Stock markets predict more recessions than have ever occurred, but that doesn’t mean their signals are useless. And right now the global rout in equities is flashing warning signs that most economists refuse to dismiss outright.

The bearish case stems from developments in Beijing, where investors are not at all certain the government has the political will to tackle the country’s rebalancing away from exports toward domestic consumption. Absent greater demand from China, the world will look elsewhere and find Europe still clawing its way out of crisis — not shrinking but not accelerating either. And in the United States, growth is bound to slow under pressure from a weaker dollar and higher interest rates.

“I think there’s a real risk of a new global downturn,” said Simon Tilford, deputy director of the Center for European Reform in London. “What we are facing in China is not a moderation. It’s a huge adjustment. And that will have knock-on effects.”

GettyImages-503832554 Financial markets don’t tell us where the rest of the economy is going, but they do highlight weaknesses that most economists refuse to dismiss outright. Photo: spencer platt/getty images

U.S. stock prices fell steeply Friday. At one point the Dow Jones industrial average dropped more than 500 points, as oil prices plunged. The sell-off follows other sharp declines on Wall Street in recent weeks, with investors spooked by fears of a slowdown in China's growth rate and as economists slashed fourth-quarter U.S. growth estimates.

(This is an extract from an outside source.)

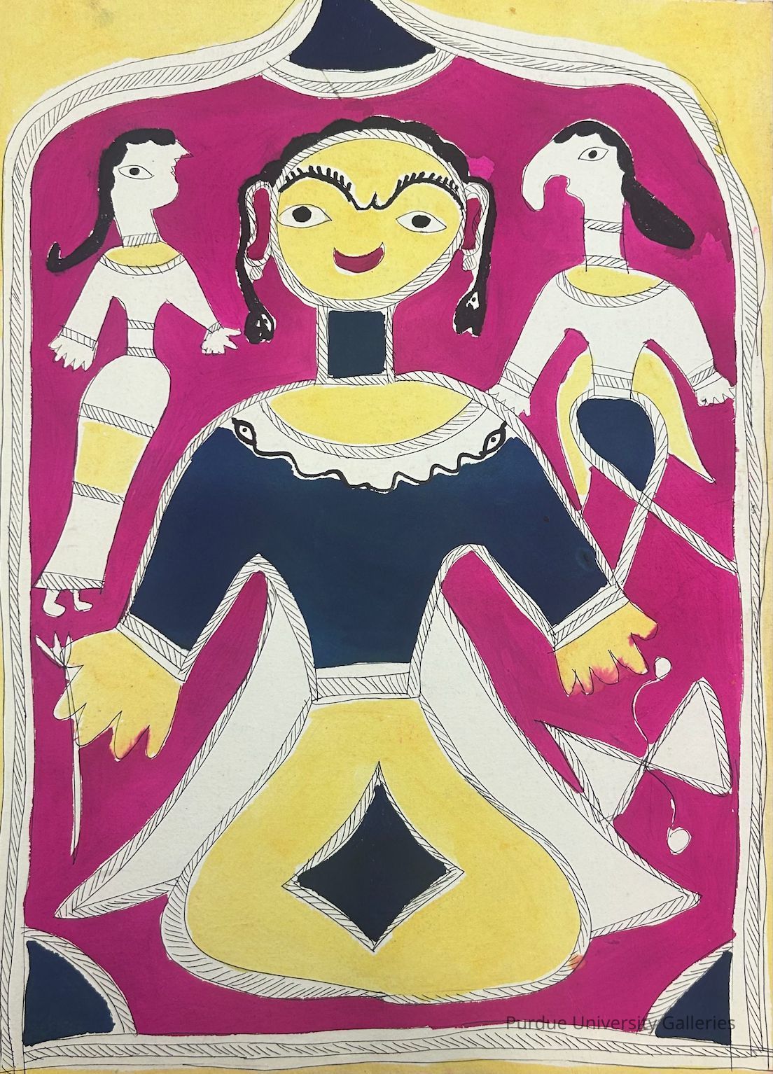 Traditionally produced by women, Madhubani/Mithila paintings are identifiable by bright colors, geometric patterning, and two-dimensionality.Inscription/Signature/Marks

BlackRock Chief Executive Officer Larry Fink said Friday the stock market could fall another 10 percent, and oil prices could test $25 per barrel. “We're in the midst of a real market decline, bordering on a bear market,” he told CNBC. Stock markets are considered to have entered a bear market when their prices have fallen 20 percent and are considered to be in a correction mode if their prices have fallen 10 percent. In late afternoon trading, the broad-based S&P 500 stock index was 1,877.51, down about 11 percent from its Nov. 3, 2015, high of 2,109.79.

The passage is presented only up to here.